(Stored items from a collection)
- - -

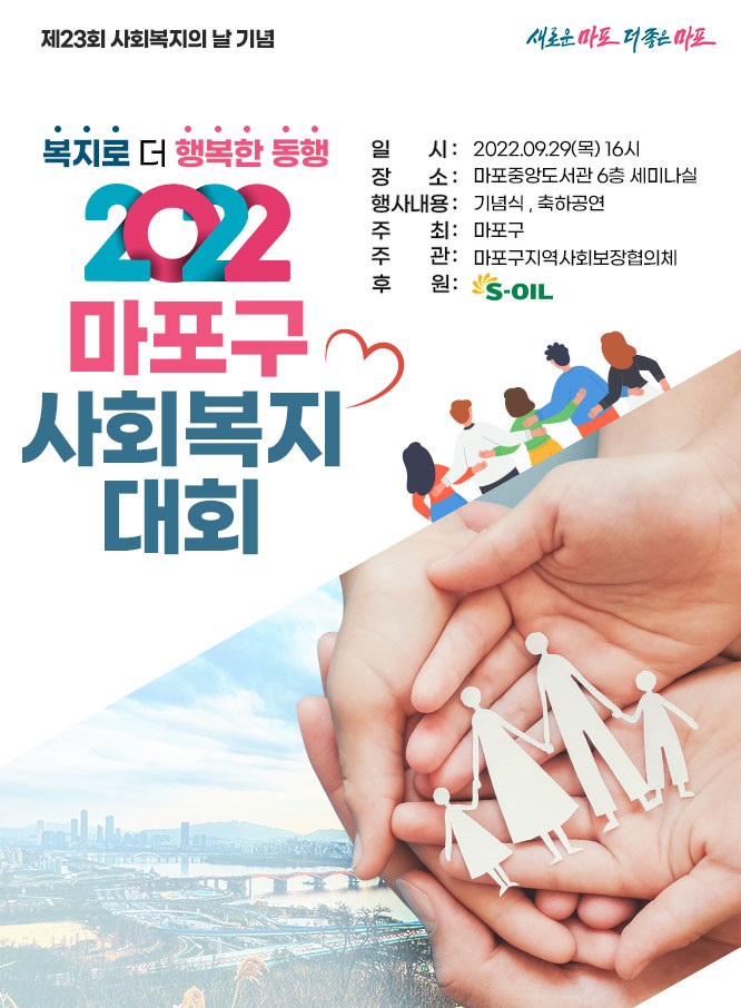 마포구지역사회 보장협의체가 주최 및 주관하는 이번 행사는 '복지로 더 행복한 동행'이라는 슬로건으로 진행되며, 사회복지 종사자 및 관계공무원 등 150여명이 참석한다.
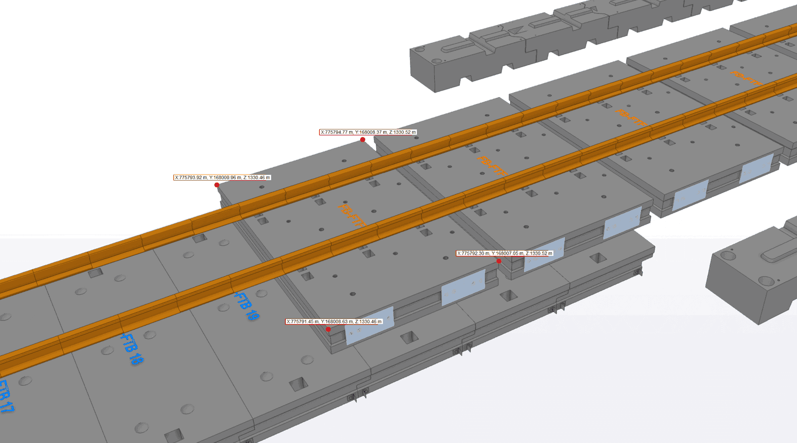 Set-out points for the concrete precast elements of the railway were exported from the BIM model and used as an overlay in Trimble Access to view on the Trimble T10 tablet. All graphics: Credit Donatsch + Partner AG.
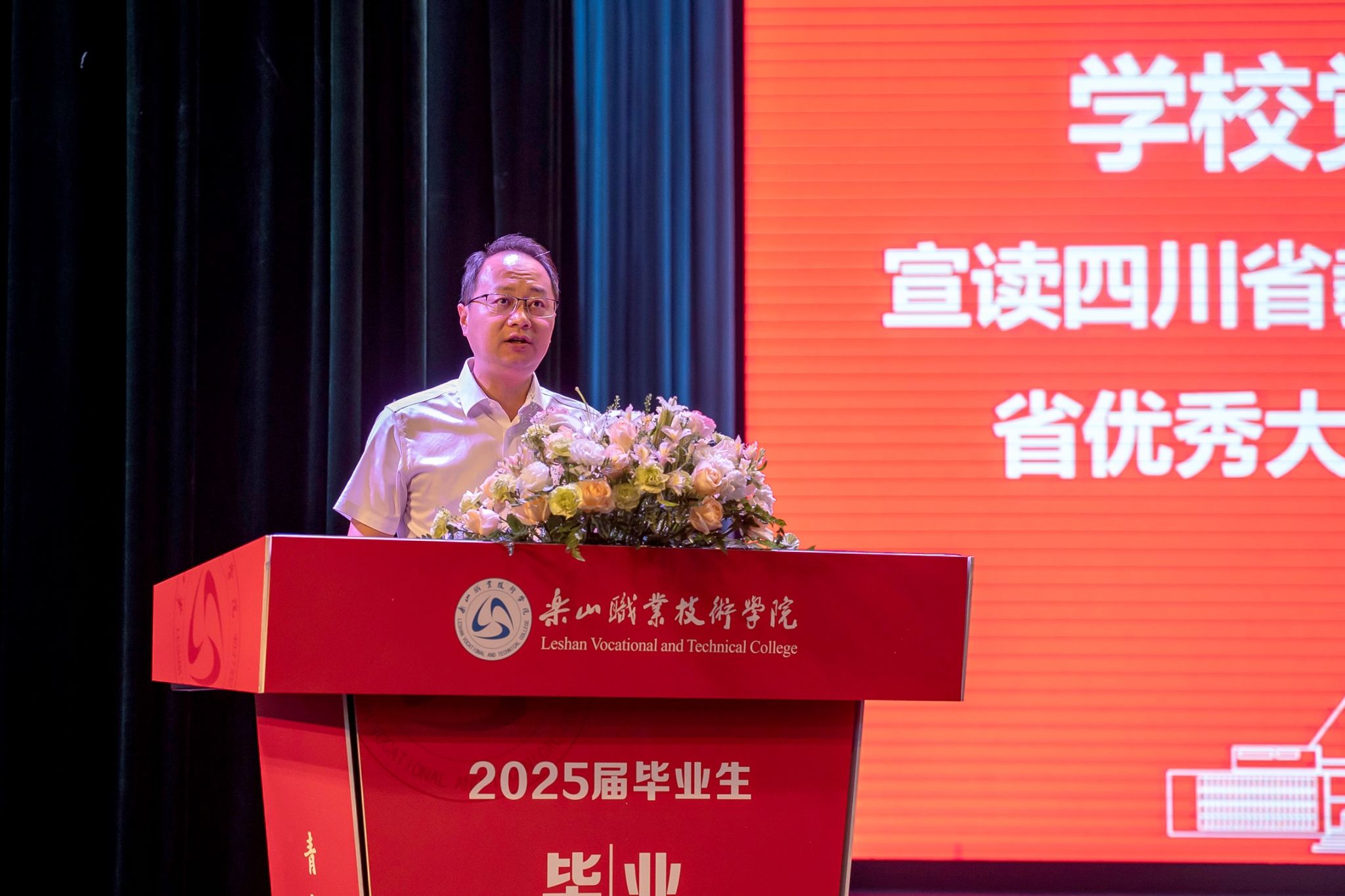 Zhang Jia, Deputy Secretary of the Party Committee of the school, read out the Notice on Announcing the Recognition Results of Outstanding University Graduates of Sichuan Province in the Class of 2025, in which 188 graduates were awarded the title of "Outstanding University Graduate of Sichuan Province".
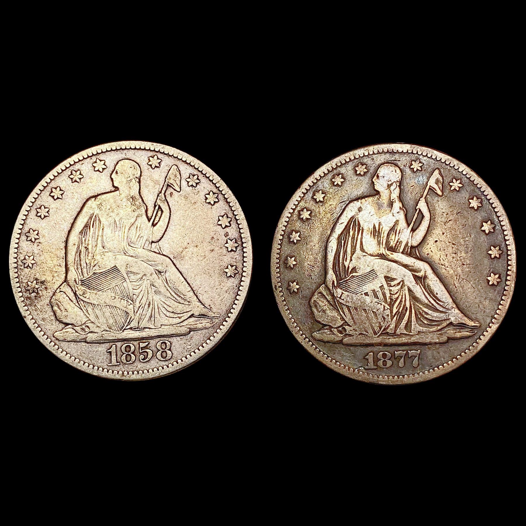 [2] 1877-S&1858 Seated Liberty Half Dollar NICELY CIRCULATED
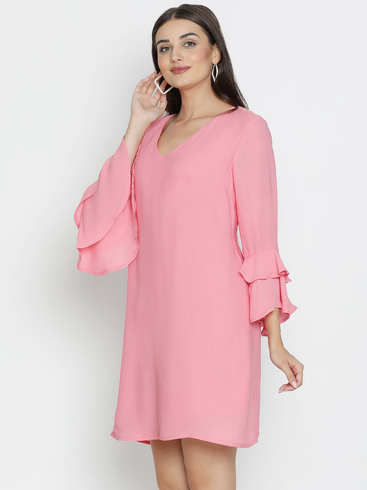 DRAAX FASHIONS महिलाओं के लिए फुल स्लीव्स वी-नेक पिंक ड्रेस
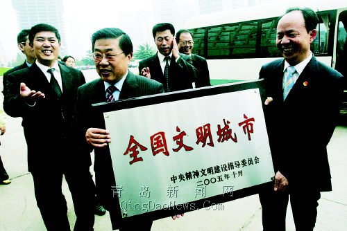 昨日上午,市領導崔錫柱、蔡倫斌在市政府門前迎接“全國文明城市”獎牌徐崇德攝“文明城市”獎牌到青    <<見2版
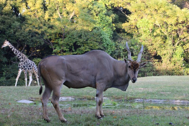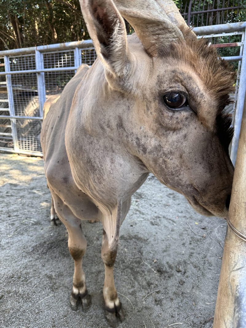 これまでバックヤードで過ごしていたオスのエランド「ビスコ」がついに展示場に登場しました!
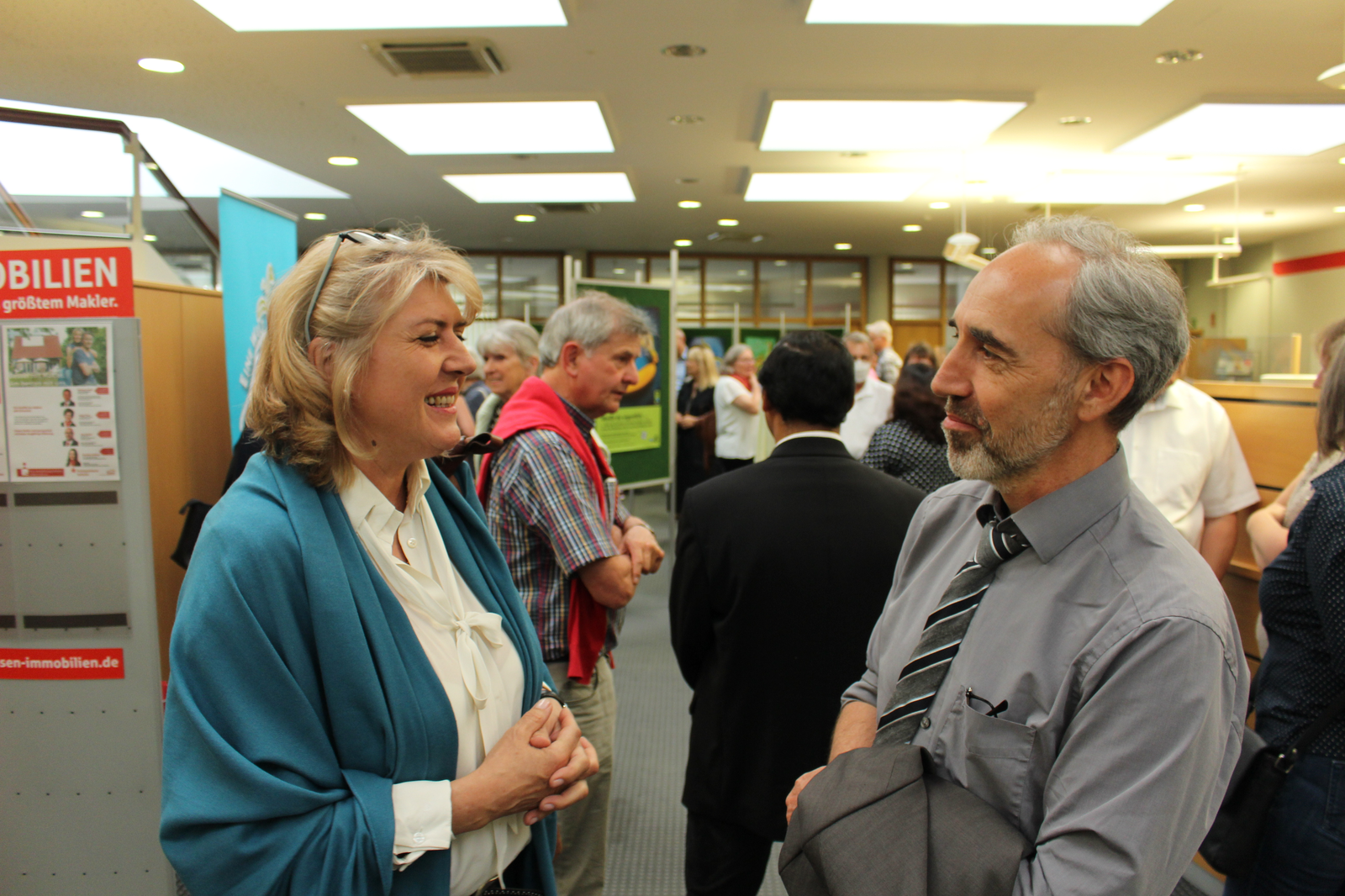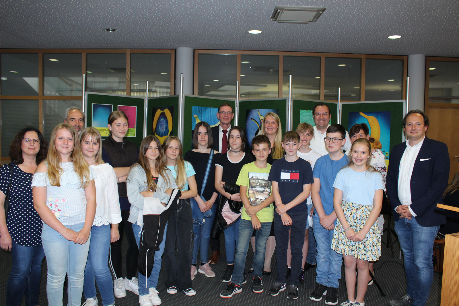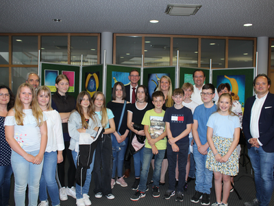 „So einen Deutsch-Unterricht hätte ich mir gewünscht“, so Dr. Resch. Klassenlehrerin Nadja Hanft und ihre Schützlinge hörten an diesem Abend sehr viel Lob: Sparkassen-Gebietsdirektor Reinhard Handschuh gratulierte gleich zu Beginn des Abends zu „dieser sehr gelungenen Ausstellung“. Und dass auch die Johann Turmair-Realschule als Fair Trade-Schule ausgezeichnet ist – seit 2016: „Fair Trade ist ein Bildungsauftrag“, so der Hausherr. „Es werden Werte fürs Leben vermittelt“, und das machten die Kunstwerke der 6a deutlich. Er sei immer gerne bereit, dafür buchstäblich Platz zu machen. Frau Wirthensohn strahlte: „Es ist schön, dass wir wieder öffentliche Aktionen machen können.“
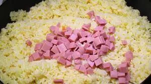 其它材料切成丁。香肠丁(三文鱼丁)。
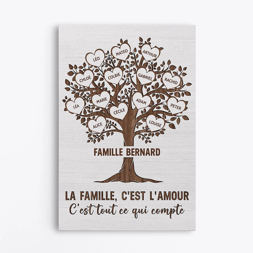 Cette toile famille personnalisé représente un arbre de vie en forme de cœur avec les prénoms des membres de la famille. Cette toile arbre de vie personnalisé prénom est idéale comme cadeau de Noël, anniversaire, ou fête des grands-parents, et s’intègre naturellement dans n’importe quel intérieur chaleureux.
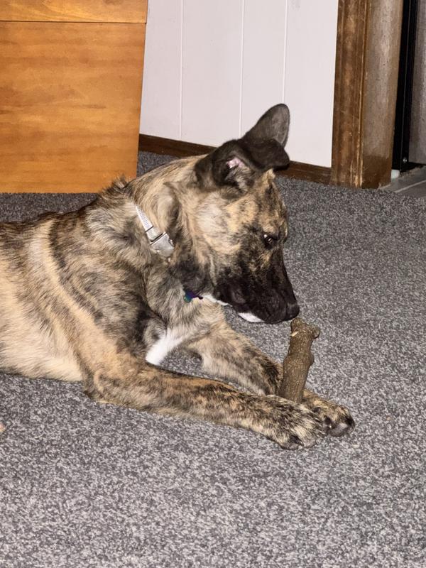 The Dogwood chew toy contains real, natural wood, so it smells like a stick fresh off the tree! It has the real wood texture and taste your dog loves, without the threat of splinters.
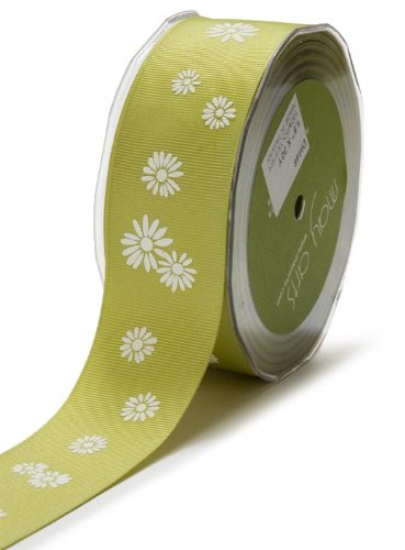 May Arts 1-1/2-Inch Wide Ribbon, Celery Grosgrain Daisies
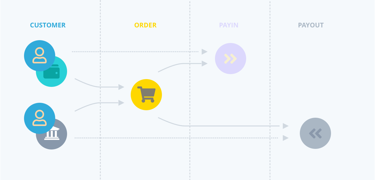 Using our standard order life-cycle and our available payin and payout types we offer a variety of money flows to cover almost every need. This kind of complex movement is only available through our API and it requires you to follow our guidelines to complete the desired output. Please, read carefully the following descriptions in orders to understand the full cycle.Payin to Wallet

- - -

(Task objective) Using the data above, give again exactly the lines starting at the one holding "[2] 1877-S&1858 Seated" and ending at the one holding "これまでバックヤードで過ごし", inclusive, and nothing more. Omit the pictures.

(Written response)
 [2] 1877-S&1858 Seated Liberty Half Dollar NICELY CIRCULATED
 DRAAX FASHIONS महिलाओं के लिए फुल स्लीव्स वी-नेक पिंक ड्रेस
 昨日上午,市領導崔錫柱、蔡倫斌在市政府門前迎接“全國文明城市”獎牌徐崇德攝“文明城市”獎牌到青    <<見2版
 これまでバックヤードで過ごしていたオスのエランド「ビスコ」がついに展示場に登場しました!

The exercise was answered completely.